Thursday, October 02, 2008

symantec's reputation is in the clouds

the folks at symantec posted something interesting today - It's All About Reputation...

well, they're not the first ones to go into the cloud (obviously, see panda, trend, mcafee, etc)... nor are they the first to go with a reputation system (drive sentry, for starters)... are they the first to put a reputation system in the cloud? i don't know, maybe, but at this point it still doesn't seem like such a big deal...
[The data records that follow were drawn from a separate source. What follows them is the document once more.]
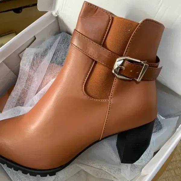 가죽 브라운 부티 버클 포함 숏부츠 부츠 브라운 계열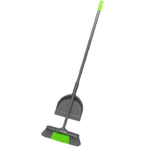 Универсальный комплект для уборки - щетка+совок. Щетка имеет щетину средней жесткости, расположенную под углом, что позволяет максимально эффективно использовать ее для сбора мусора. Совок удобно хранить вместе с щеткой, благодаря системе "клик". Рукоятка имеет петлю для хранения в подвешенном состоянии.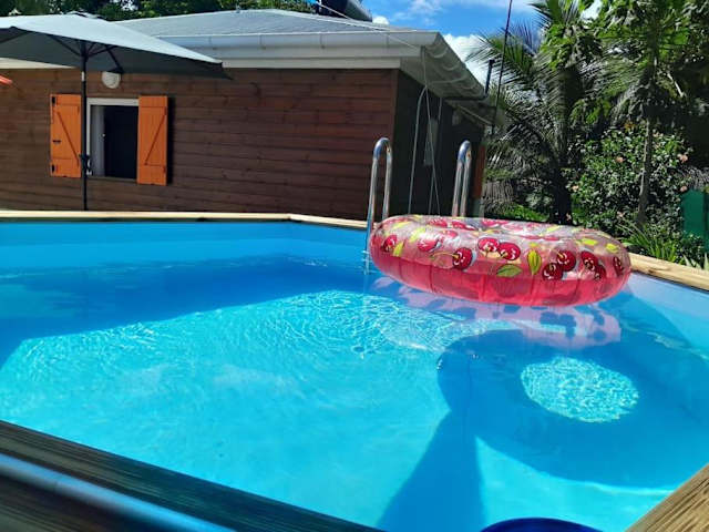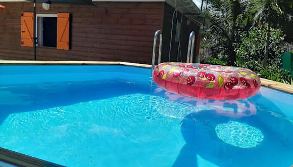 Bungalow Abricot bietet Übernachtungsmöglichkeiten in einem Ferienhaus mit kostenlosem WLAN, einem eigenen Pool und einer Terrasse. Es stehen kostenfreie Privatparkplätze zur Verfügung.

what gets me, though, is the idea that it's no longer using fingerprints... a reputation system that says X is good, Y is bad, and Z is unknown is basically just a combination of a blacklist and a whitelist - and it's not a bad idea, i've been saying they complement each other well for quite a while now so actually putting both paradigms into a single product makes a lot of sense... the blacklist is what says Y is bad, the whitelist is what says X is good, and since Z isn't on either list it gets called unknown... the thing is blacklists use signatures (fingerprints) and in their own way whitelists do to - they have to in order to make sure the thing you're looking at really is the same thing you saw before and determined to be good/bad... it can't work without a signature/fingerprint/whatever... this new reputation system may use a different form of signatures, but it definitely uses them...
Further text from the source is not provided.